* **Exercise aim**
Each line from the one containing "admission to lectures on anatomy" through the last line of the data below should be printed exactly, please, with any pictures omitted.

* **Dataset section**

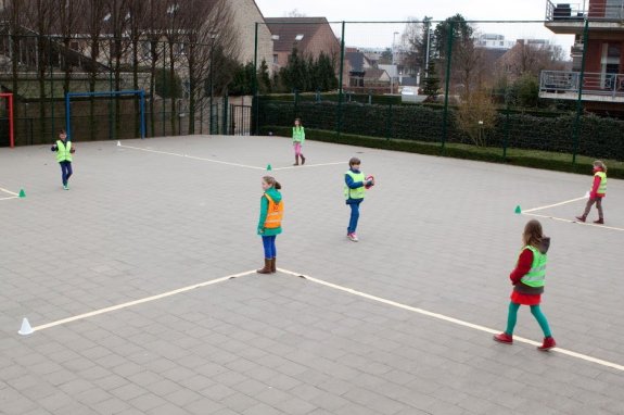 Via verschillende opdrachten leren de kinderen het belang van oogcontact en zichtbaarheid in dodehoeksituaties.
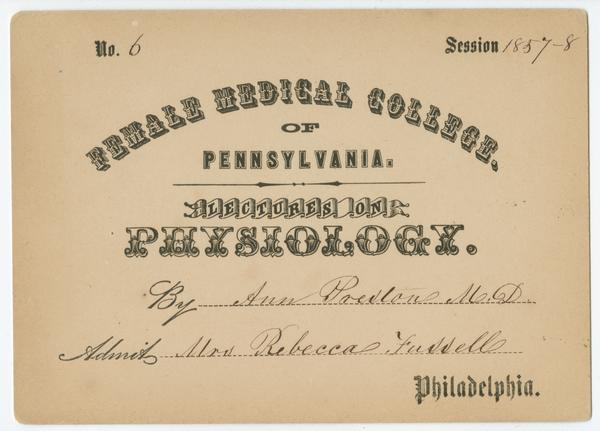 admission to lectures on anatomy by Joseph Leidy -- [d] admission to lectures on chemistry by R.E. Rogers -- [e] admission
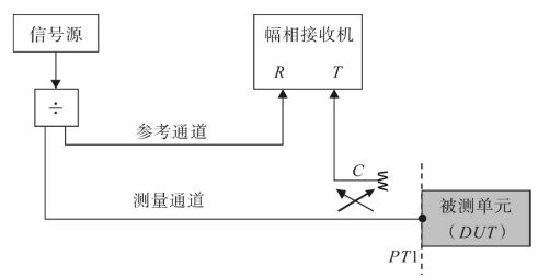 信号源输出的信号仍然被分成两路,一路直接注入幅相接收机的通道R,另一路经定向耦合器的直通端,即端口PT1注入被测单元的输入口,被测单元的反射波经定向耦合器C的耦合口注入幅相接收机的通道T。
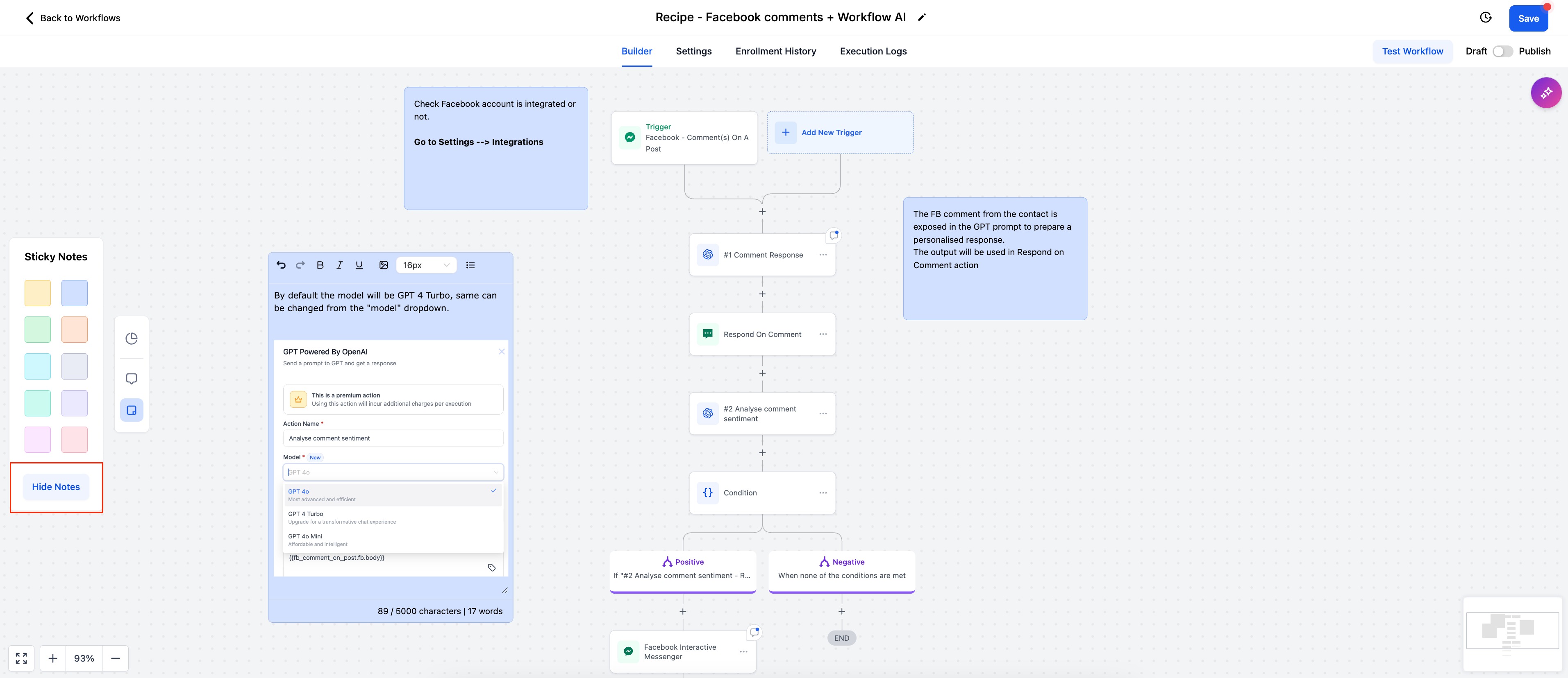 The Workflow Notes, Action Notes, and Sticky Notes features in HighLevel provide users with a convenient way to add context, comments, or key information directly within workflows. These tools enhance collaboration, streamline communication, and allow users to easily reference critical details when managing workflows.

* **Solution**
 admission to lectures on anatomy by Joseph Leidy -- [d] admission to lectures on chemistry by R.E. Rogers -- [e] admission
 信号源输出的信号仍然被分成两路,一路直接注入幅相接收机的通道R,另一路经定向耦合器的直通端,即端口PT1注入被测单元的输入口,被测单元的反射波经定向耦合器C的耦合口注入幅相接收机的通道T。
 The Workflow Notes, Action Notes, and Sticky Notes features in HighLevel provide users with a convenient way to add context, comments, or key information directly within workflows. These tools enhance collaboration, streamline communication, and allow users to easily reference critical details when managing workflows.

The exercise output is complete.